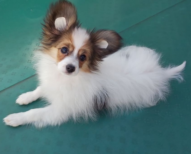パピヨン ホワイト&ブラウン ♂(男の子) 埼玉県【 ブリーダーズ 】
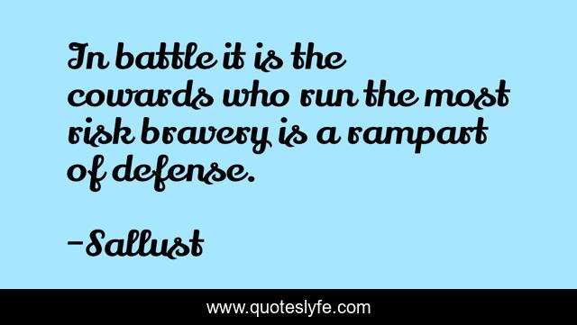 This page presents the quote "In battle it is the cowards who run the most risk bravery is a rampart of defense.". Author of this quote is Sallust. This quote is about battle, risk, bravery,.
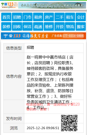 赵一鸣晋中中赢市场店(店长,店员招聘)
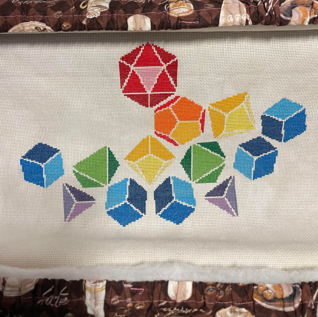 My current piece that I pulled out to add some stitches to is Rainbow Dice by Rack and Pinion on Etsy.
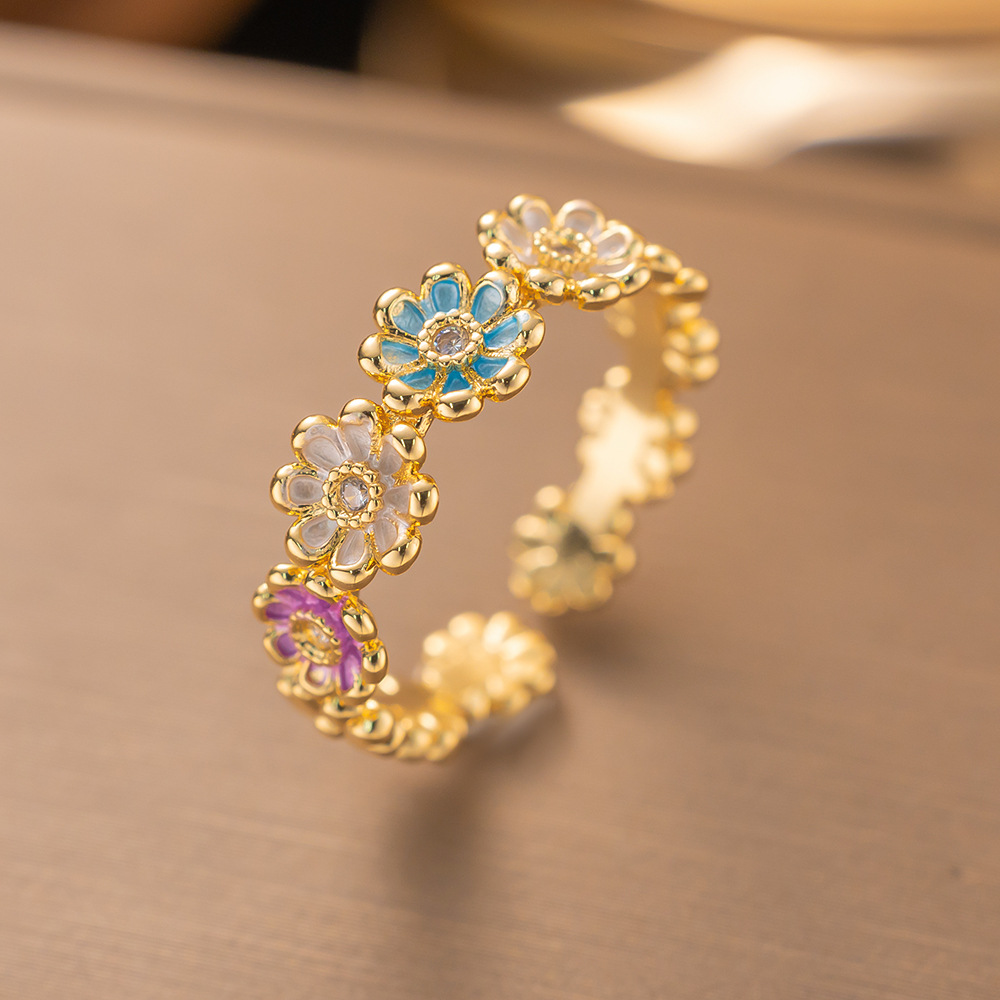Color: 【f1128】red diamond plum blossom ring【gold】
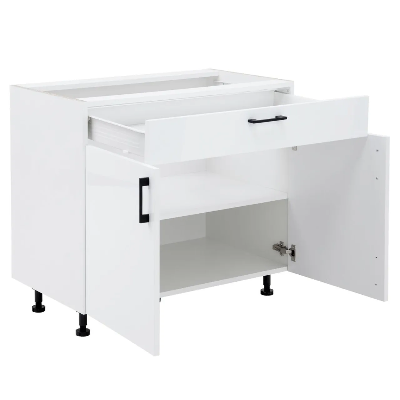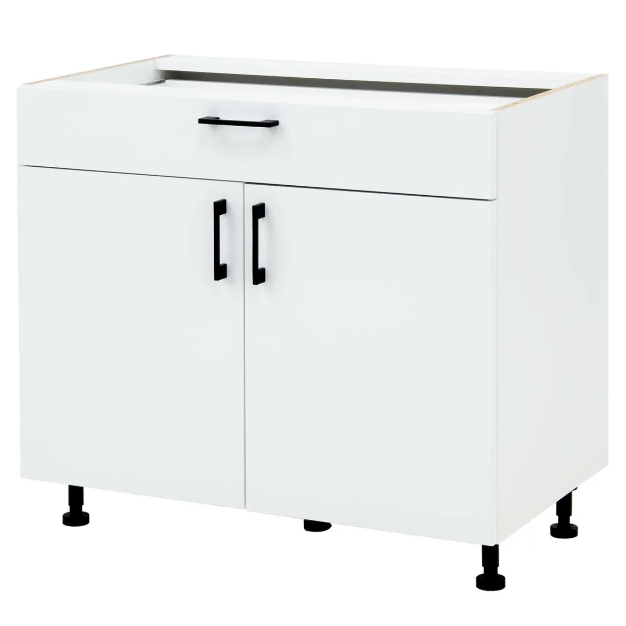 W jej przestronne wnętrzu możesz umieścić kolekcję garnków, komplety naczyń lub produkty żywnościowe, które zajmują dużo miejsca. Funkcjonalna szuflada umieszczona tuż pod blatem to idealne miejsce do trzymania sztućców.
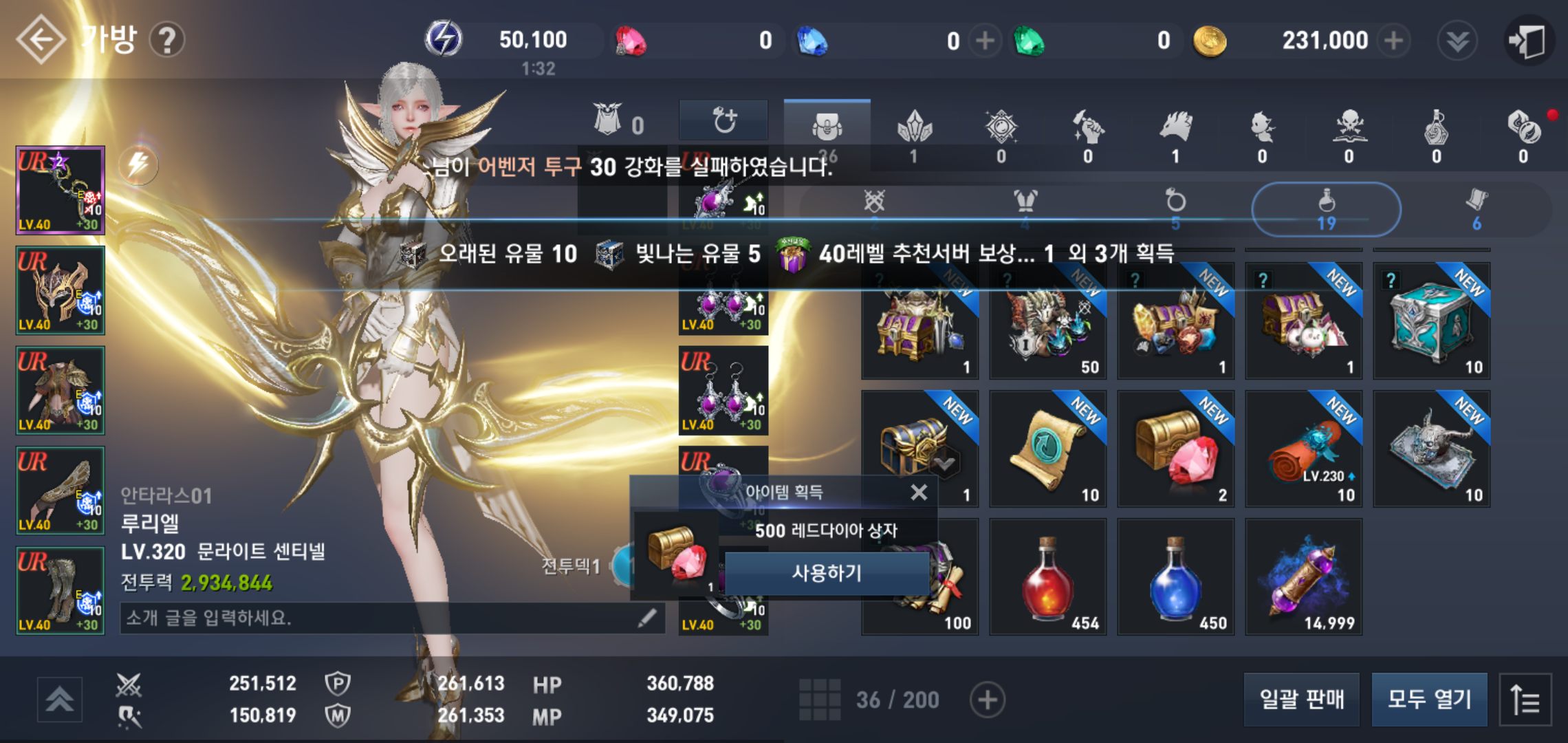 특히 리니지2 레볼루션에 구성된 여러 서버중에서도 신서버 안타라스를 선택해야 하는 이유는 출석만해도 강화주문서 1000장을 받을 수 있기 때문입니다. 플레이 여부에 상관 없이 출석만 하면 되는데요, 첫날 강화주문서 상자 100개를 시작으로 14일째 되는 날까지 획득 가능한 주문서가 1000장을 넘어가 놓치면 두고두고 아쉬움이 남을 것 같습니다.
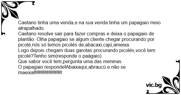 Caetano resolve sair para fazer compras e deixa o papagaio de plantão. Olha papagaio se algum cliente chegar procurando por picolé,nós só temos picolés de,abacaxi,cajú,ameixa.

--

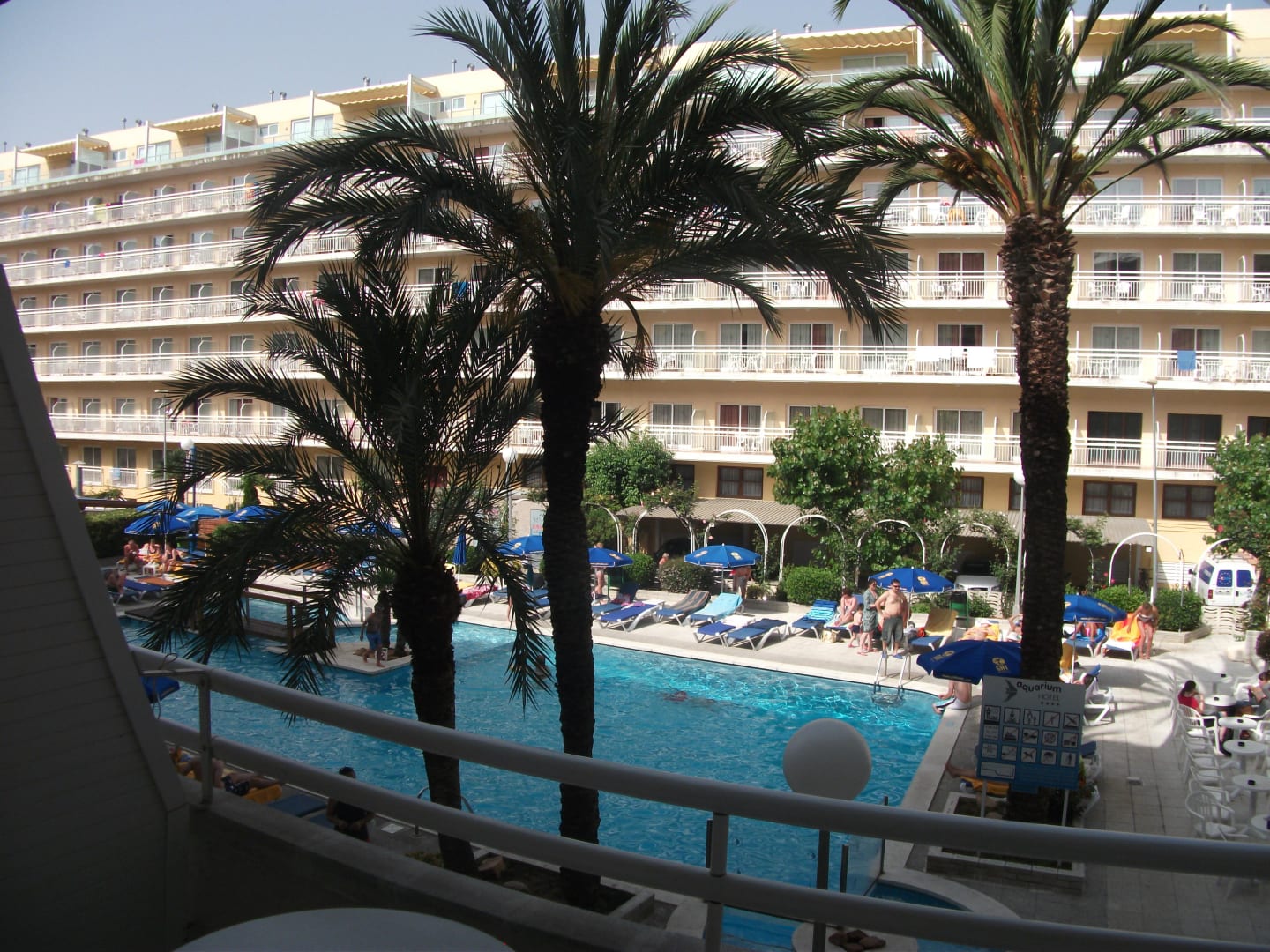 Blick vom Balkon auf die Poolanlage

Task to complete: Starting with the line above that holds "赵一鸣晋中中赢市场店(店长,店员招聘)", restate each line word for word up to and including the line that holds "Color: 【f1128】red diamond". Drop the pictures.

Written solution:
 赵一鸣晋中中赢市场店(店长,店员招聘)
 My current piece that I pulled out to add some stitches to is Rainbow Dice by Rack and Pinion on Etsy.
Color: 【f1128】red diamond plum blossom ring【gold】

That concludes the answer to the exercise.